## Work instruction:
Copy all lines below exactly as written. Leave pictures out.

-------- Dataset excerpt --------

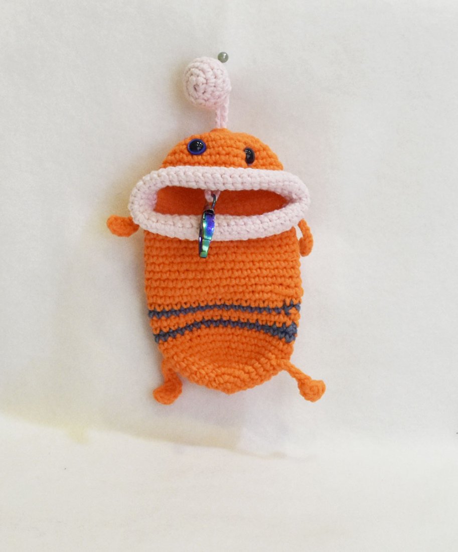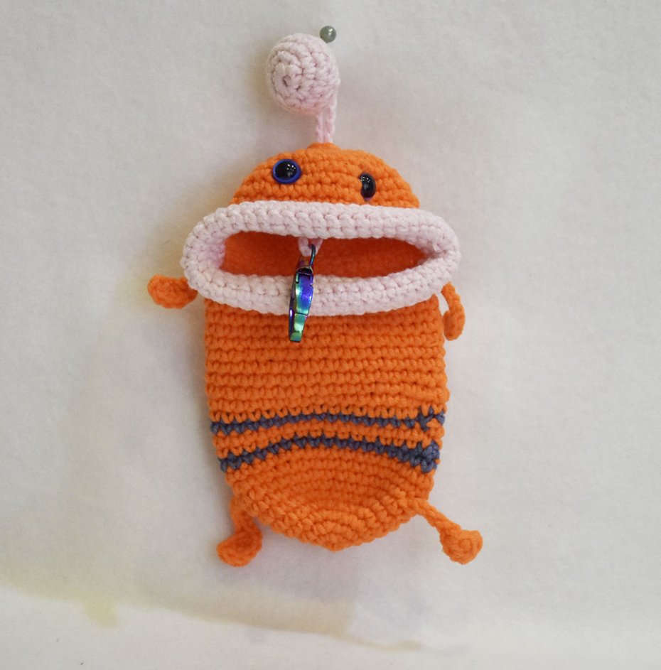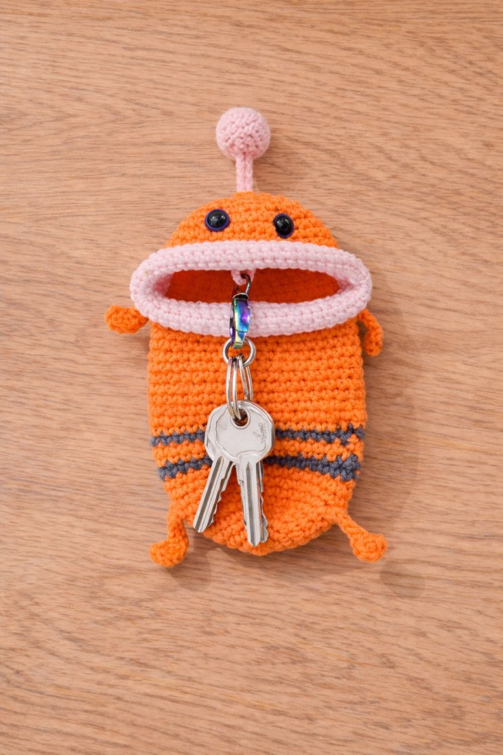 Ręcznie wykonany breloczek pełniący funkcję praktycznego schowka na klucze. Miękka, szydełkowa forma skutecznie chroni klucze przed zarysowaniami i hałasem w torebce lub plecaku. Otwierany schowek z metalowym karabińczykiem pozwala bezpiecznie przypiąć klucze w środku, a całość można wygodnie przypiąć do torby, paska lub plecaka. Wyraziste kolory i charakterystyczny wygląd sprawiają, że breloczek jest nie tylko praktyczny, ale też stanowi oryginalny dodatek.
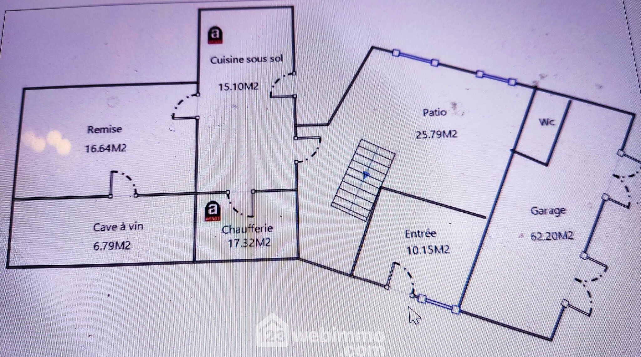 En rez-de-jardin : pièce salon, buanderie, chaufferie, cave à vin et garage avec sanitaire.
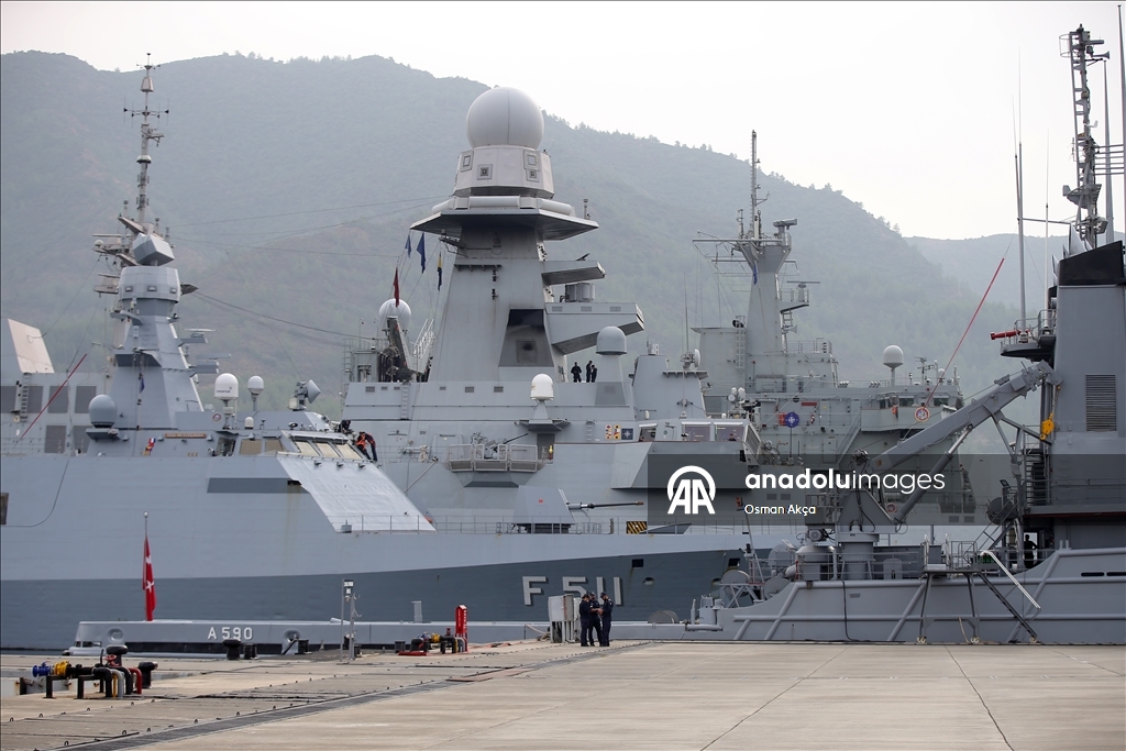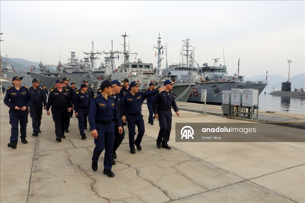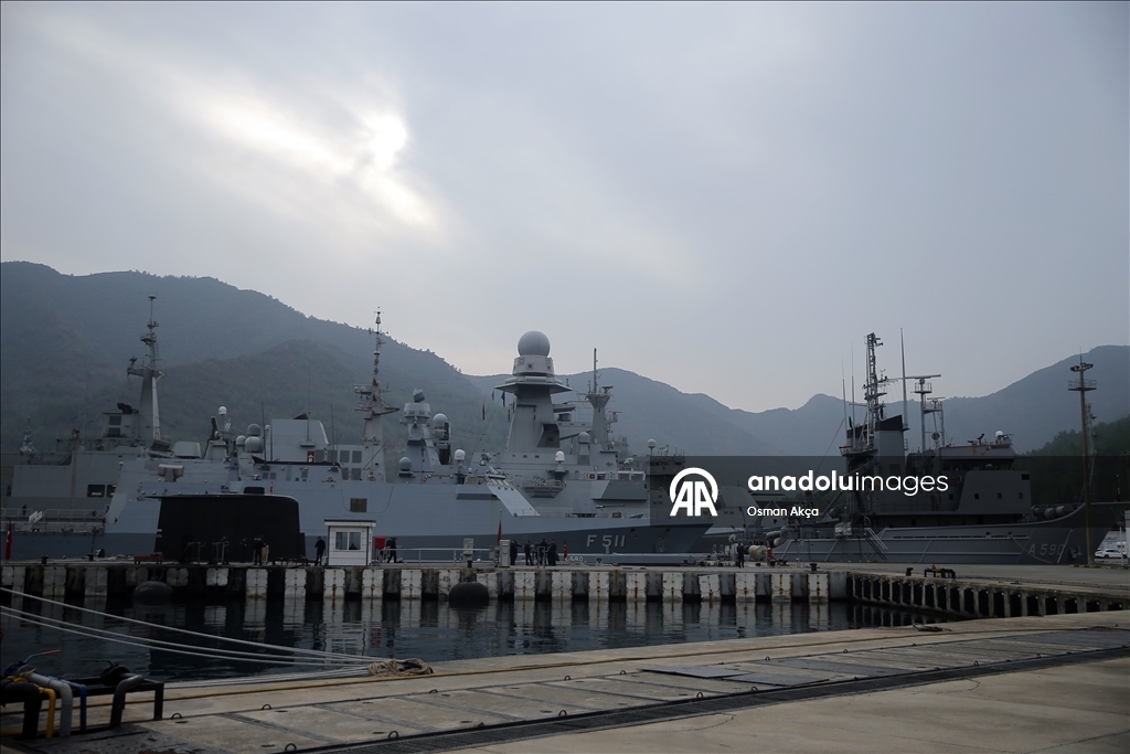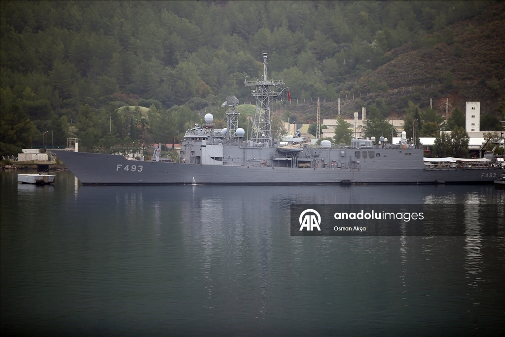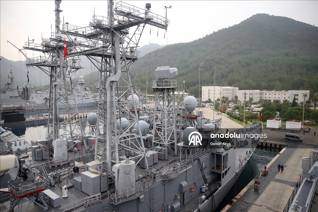 Marmaris'teki Aksaz Deniz Üs Komutanlığı'nda bulunan TCG Sancaktar fırkateyninde düzenlenen brifingde, Deniz Kurmay Binbaşı Ali Ercüment Opçin sunum yaptı.

--------

## Response area:
 Ręcznie wykonany breloczek pełniący funkcję praktycznego schowka na klucze. Miękka, szydełkowa forma skutecznie chroni klucze przed zarysowaniami i hałasem w torebce lub plecaku. Otwierany schowek z metalowym karabińczykiem pozwala bezpiecznie przypiąć klucze w środku, a całość można wygodnie przypiąć do torby, paska lub plecaka. Wyraziste kolory i charakterystyczny wygląd sprawiają, że breloczek jest nie tylko praktyczny, ale też stanowi oryginalny dodatek.
 En rez-de-jardin : pièce salon, buanderie, chaufferie, cave à vin et garage avec sanitaire.
 Marmaris'teki Aksaz Deniz Üs Komutanlığı'nda bulunan TCG Sancaktar fırkateyninde düzenlenen brifingde, Deniz Kurmay Binbaşı Ali Ercüment Opçin sunum yaptı.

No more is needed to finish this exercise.